L'autre homme partit quelques minutes. Il semblait assommé après le cri que j'avais poussé. Il dut partir prendre l'air. Je comprenais. Ce ne devait pas être facile de devoir s'occuper d'un patient à la dernière minute. Surtout avec une forte fièvre résistante et une épaule déboîtée. Il revint cependant quelques minutes plus tard, alla quelque part derrière moi, et prépara quelque chose. Une sorte de thé, mais avec d'autres plantes que du Earl Grey. Il se mit près de moi et me fit boire doucement cette sorte d'infusion. Comme un parent donne de la soupe à son enfant. Il ne devait pas apprécier être un parent : il me parlait comme si j'étais réellement son enfant. Toutefois, je ne lui en voulais pas. Je savais que je n'étais pas vraiment le bienvenu dans le laboratoire qui était le sien.
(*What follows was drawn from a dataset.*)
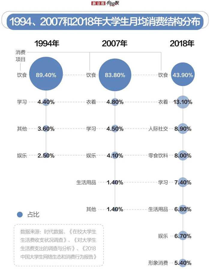 可以看出,在1994-2007年间,大学生每个月饮食消费支出仅由89.4%下滑至83.8%,但截至2018年,饮食虽然仍旧是占比最大的消费支出,但已仅占43.9%,大学生们将其余生活费用在了结构更为丰富的消费中。
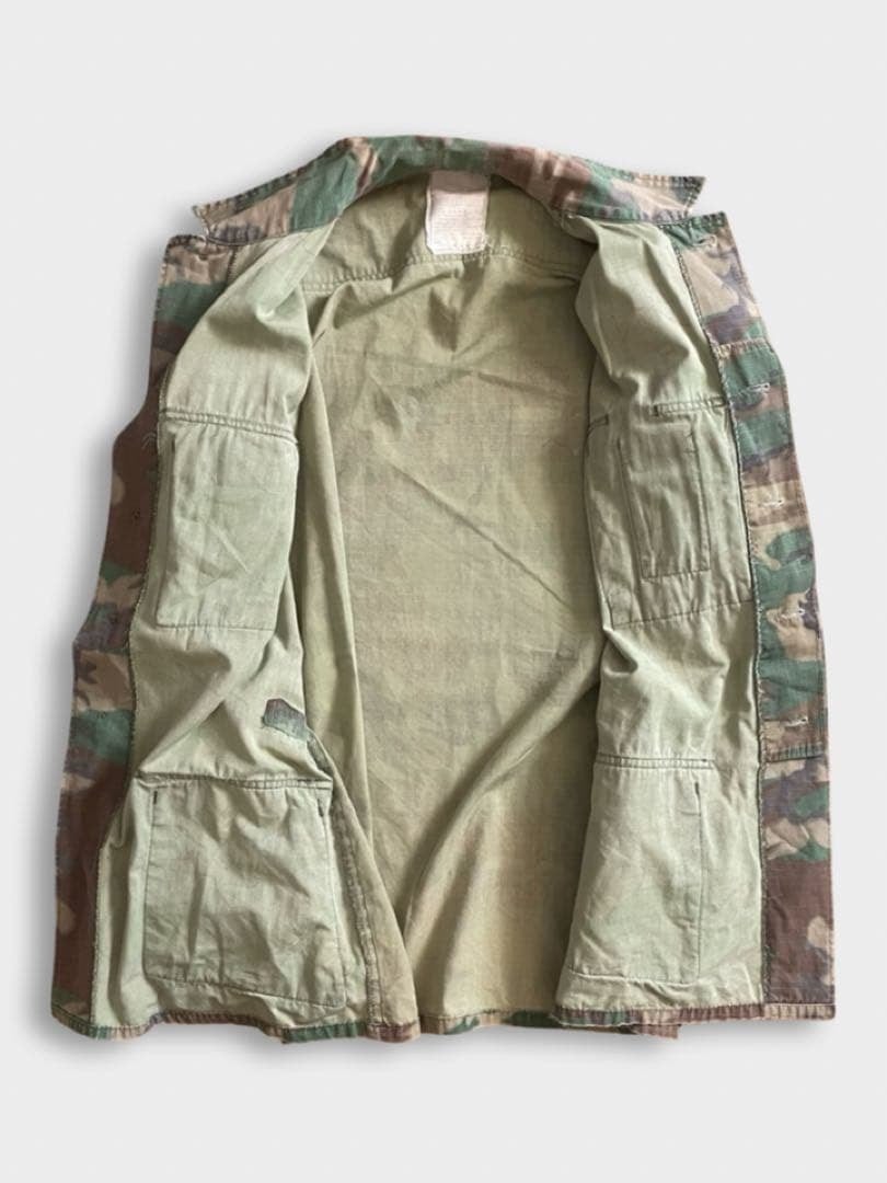 タグが消えておりますが、米軍支給品だと思われます。フロントポケットのUSMCステンシルがしっかり残っており、ミリタリー古着として高い人気を誇る一着です。リアルな使用感が良い雰囲気に仕上がっており、カモ柄のフェード感がスタイリングの主役になります。コットンリップストップ生地で軽量ながらタフな作りなので、普段使いからアウトドアまで幅広く着用可能です。

Le breuvage coula par cuillerées dans mon œsophage et tomba comme une cascade dans mon estomac. Après quelques minutes, mon corps commença à en ressentir les effets. Je ne savais pas ce qu'étaient ces plantes, mais elles étaient très efficaces : mon corps se relâcha complètement. Je sentis mes poumons expirer et inspirer de plus en plus lentement. Je pouvais sentir mon cœur battre de moins en moins vite. Le sang qui coulait dans mes veines était de moins en moins bouillant. C'était irrésistiblement relaxant : je ne voulais même plus rester éveillé tant ces plantes me faisaient du bien. Pour la première fois depuis que cette fièvre était arrivée, je me sentais bien.

Pendant un instant, plus rien ne me faisait mal. C'était comme si toute la douleur que j'avais ressentie depuis le début de cette journée s'était évaporée. Il n'y avait plus rien. Une monotonie reposante. Un silence réparateur. Aucun hôpital, aucune clinique, n'aurait pu me donner un tel repos ou un tel traitement. Je me sentais comme dans un rêve et je ne voulais pas me réveiller : un tel repos, je n'en avais pas eu depuis un long moment. Je voulais qu'il dure encore un moment. Juste un autre instant.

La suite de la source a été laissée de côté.